Preferably, a content of the photosensitizer is in a range from
about 4 percent by weight to about 6 percent by weight based on a
total weight of the photoresist composition.
[0044] c) Organic Solvent
[0045] Examples of the organic solvent may include alcohols such as
methanol and ethanol, ethers such as tetrahydrofurane, glycol
ethers such as ethylene glycol monomethyl ether and ethylene glycol
monoethyl ether, ethylene glycol alkyl ether acetates such as
methyl cellosolve acetate and ethyl cellosolve acetate, diethylene
glycols such as diethylene glycol monomethyl ether, diethylene
glycol monoethyl ether, and diethylene glycol dimethyl ether,
propylene glycol monoalkyl ethers such as propylene glycol methyl
ether, propylene glycol ethyl ether, propylene glycol propyl ether,
and propylene glycol butyl ether, propylene glycol alkyl ether
acetates such as propylene glycol methyl ether acetate, propylene
glycol ethyl ether acetate, propylene glycol propyl ether acetate,
and propylene glycol butyl ether acetate, propylene glycol alkyl
ether propionates such as propylene glycol methyl ether propionate,
propylene glycol ethyl ether propionate, propylene glycol propyl
ether propionate, and propylene glycol butyl ether propionate,
aromatic compounds such as toluene and xylene, ketones such as
methyl ethyl ketone, cyclohexanone, and
4-hydroxy-4-methyl-2-pentanone, and ester compounds such as methyl
acetate, ethyl acetate, propyl acetate, butyl acetate, ethyl
2-hydroxypropionate, methyl 2-hydroxy-2-methyl propionate, ethyl
2-hydroxy-2-methyl propionate, methyl hydroxyacetate, ethyl
hydroxyacetate, butyl hydroxyacetate, methyl lactate, ethyl
lactate, propyl lactate sulfate, butyl lactate, methyl
3-hydroxypropionate, ethyl 3-hydroxypropionate, propyl
3-hydroxypropionate, butyl 3-hydroxypropionate, methyl
2-hydroxy-3-methyl butanoate, methyl methoxyacetate, ethyl
methoxyacetate, propyl methoxyacetate, butyl methoxyacetate, methyl
ethoxyacetate, ethyl ethoxyacetate, propyl ethoxyacetate, butyl
ethoxyacetate, methyl propoxyacetate, ethyl propoxyacetate, propyl
propoxyacetate, butyl propoxyacetate, methyl butoxyacetate, ethyl
butoxyacetate, propyl butoxyacetate, butyl butoxyacetate, methyl
2-methoxypropionate, ethyl 2-methoxypropionate, propyl
2-methoxypropionate, butyl 2-methoxypropionate, methyl
2-ethoxypropionate, ethyl 2-ethoxypropionate, propyl
2-ethoxypropionate, butyl 2- ethoxypropionate, methyl
2-butoxypropionate, ethyl 2-butoxypropionate, propyl
2-butoxypropionate, butyl 2-butoxypropionate, methyl
3-methoxypropionate, ethyl 3-methoxypropionate, propyl
3-methoxypropionate, butyl 3-methoxypropionate, methyl
3-ethoxypropionate, ethyl 3-ethoxypropionate, propyl
3-ethoxypropionate, butyl 3-ethoxypropionate, methyl
3-propoxypropionate, ethyl 3-propoxypropionate, propyl
3-propoxypropionate, butyl 3-propoxypropionate, methyl
3-butoxypropionate, ethyl 3-butoxypropionate, propyl
3-butoxypropionate, and butyl 3-butoxypropionate. These can be used
alone or in a combination thereof.
[0046] Preferably, glycol ethers, ethylene glycol alkyl ether
acetates and diethylene glycols are used as the organic solvent,
because glycol ethers, ethylene glycol alkyl ether acetates and
diethylene glycols have good solubility and reactivity and easily
form a coating layer. More preferably, propylene glycol methyl
ether acetate is used as the organic solvent.

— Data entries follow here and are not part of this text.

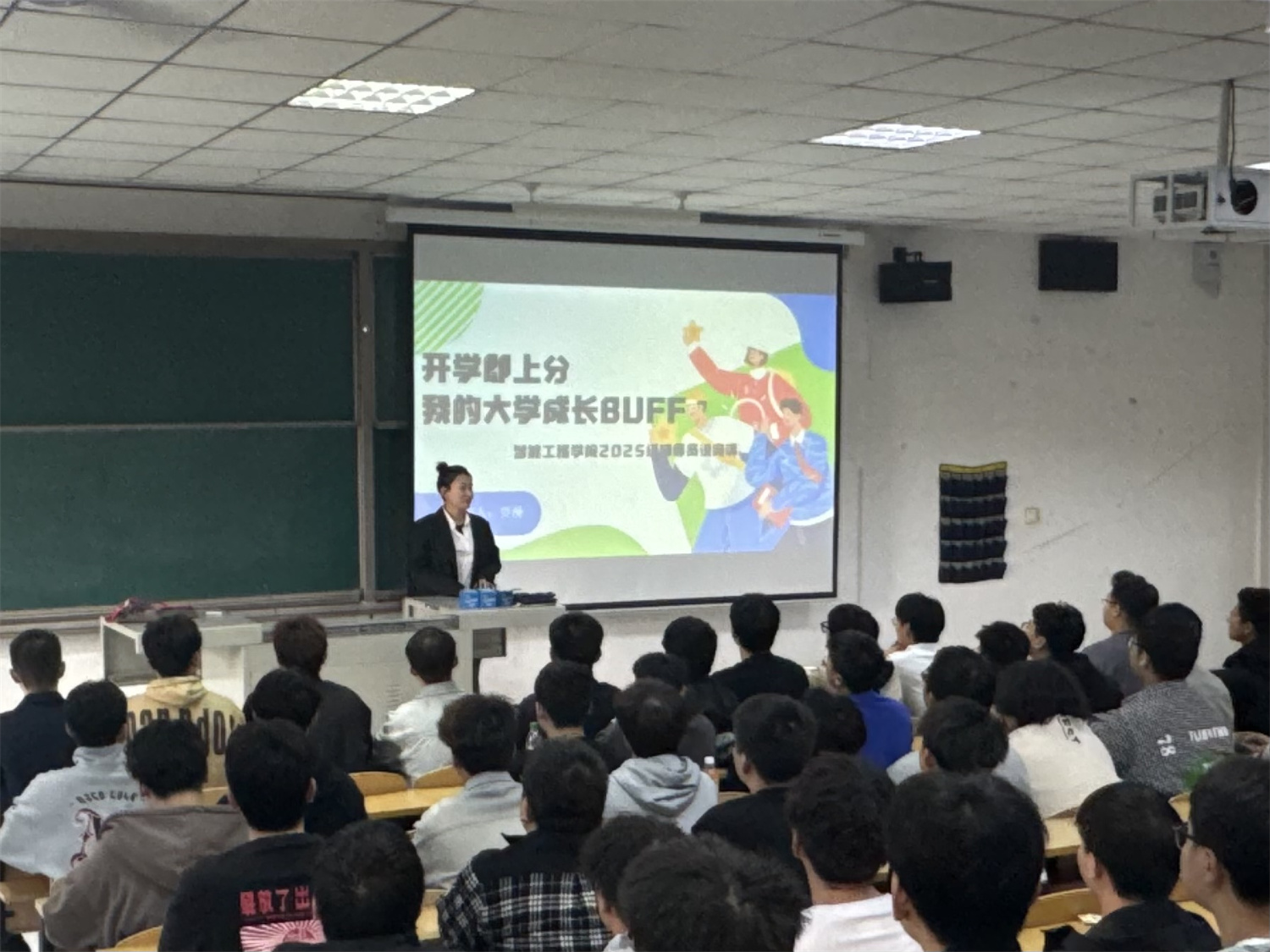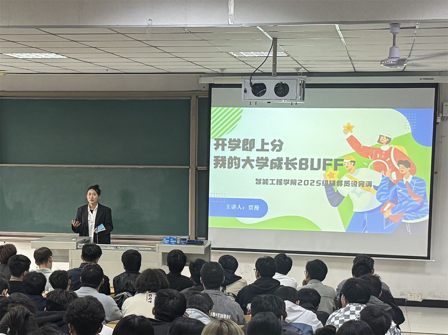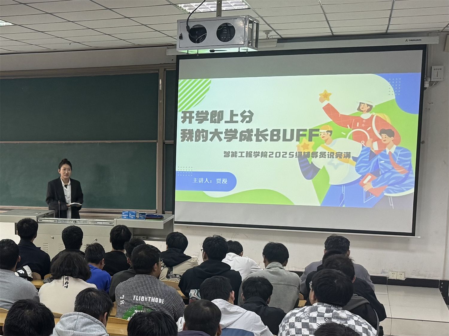 金秋送爽,丹桂飘香,25级新生怀揣梦想开启大学生活。面对全新的环境、自主的学习模式和丰富多彩的社团生活,这些“小萌新”在兴奋之余,也不免对如何度过有价值的四年感到迷茫。为此,智能工程学院辅导员贾漫老师于9月25日下午在2教201开展以“开学即上分——我的大学成长Buff”为主题的辅导员说完满活动,通过真实案例分享、优秀学长连线等形式,为新生们送上了一份干货满满的“大学通关攻略”。
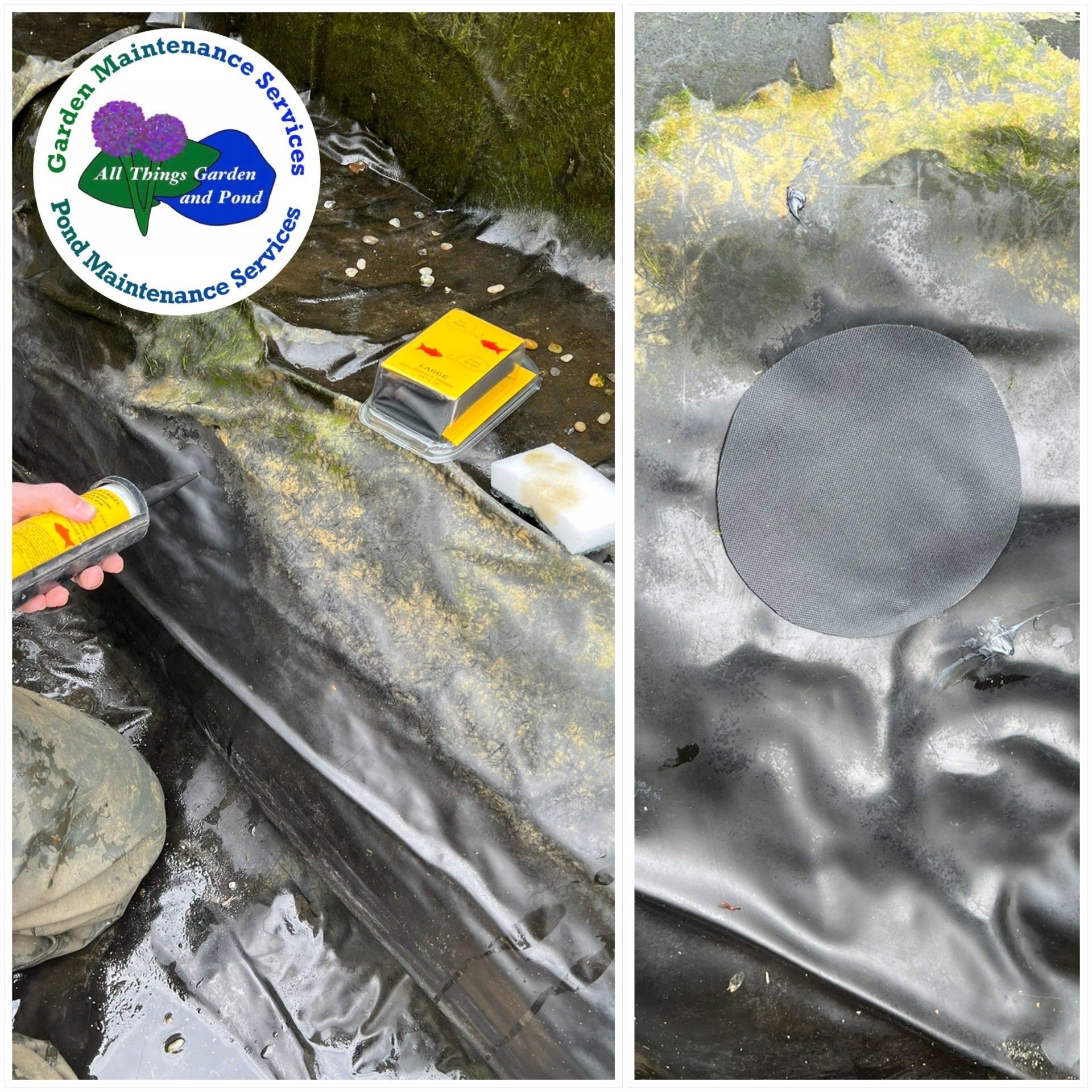 Please Note: We can only carry out a patch repair if the liner leak is due to small holes, and only in 1 or 2 areas, as if we find more that 2-3 areas, or if the hole is on the pond floor, we would always recommend a liner replacement as the patch repair will be under more pressure and may fail over a shorter period of time.
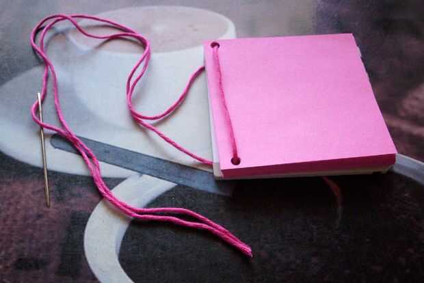 Perforar agujeros en los papeles. Colocar el papel en un disquete. Tire la cadena por los agujeros. Alinee los extremos de la cuerda para que tengan la misma longitud.
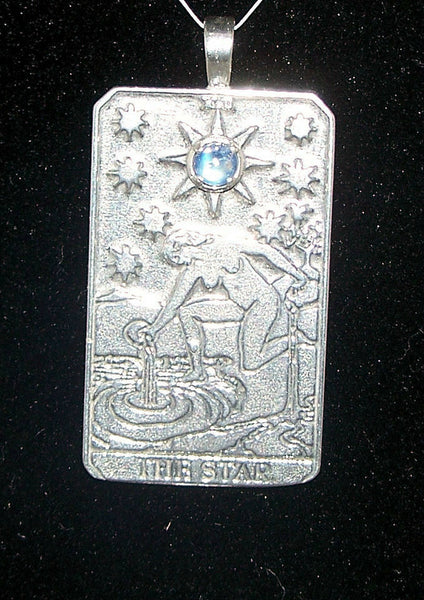 - The Star Tarot Card Pendant with authentic Rainbow moonstone gem.

[0047] For example, when a total weight of the photoresist
composition including the organic solvent, the novolac resin and
the photosensitizer is considered to be 100 percent, about 85
percent by weight of the organic solvent may be added to about 10
percent by weight of the novolac resin and about 5 percent by
weight of the photosensitizer. When a content of the organic
solvent is less than about 75 percent by weight of the photoresist
composition, a content of the novolac resin and/or the
photosensitizer is relatively increased so that the viscosity of
the photoresist composition is increased. Thus, it is difficult to
coat the photoresist composition uniformly. When a content of the
organic solvent is greater than about 90 percent by weight of the
photoresist composition, a content of the novolac resin and/or the
photosensitizer is relatively decreased so that the resolution
and/or the photosensitivity of the photoresist composition may be
lacking. Thus, a content of the organic solvent may be in a range
from about 75 percent by weight to about 90 percent by weight of
the photoresist composition.
[0048] d) Additive
[0049] The photoresist composition may further include an additive
such as an adhesion promoter agent, a surfactant, dye, etc. The
additive may improve the performance of the photoresist
composition, which may be desired according to the processes in the
photolithography process. A content of the additive may be in a
range to about 5 percent by weight based on a total weight of the
photoresist composition.
[0050] The adhesion promoter agent may improve an adhesion between
a substrate and a photoresist pattern formed from the photoresist
composition. Examples of the adhesion promoter agent may include a
silane coupling agent including a reactive substitution group such
as a carboxyl group, a methacryl group, an isocyanate group, an
epoxy group, etc. Particularly, examples of the silane coupling
agent may include .gamma.-methacryloxypropyl trimethoxysilane,
vinyl triacetoxy silane, vinyl trimethoxysilane, .gamma.-isocyanate
propyl triethoxysilane, .gamma.-glycidoxypropyl trimethoxysilane,
.beta.-(3,4-epoxycyclohexyl)ethyl trimethoxysilane, etc. These can
be used alone or in a combination thereof.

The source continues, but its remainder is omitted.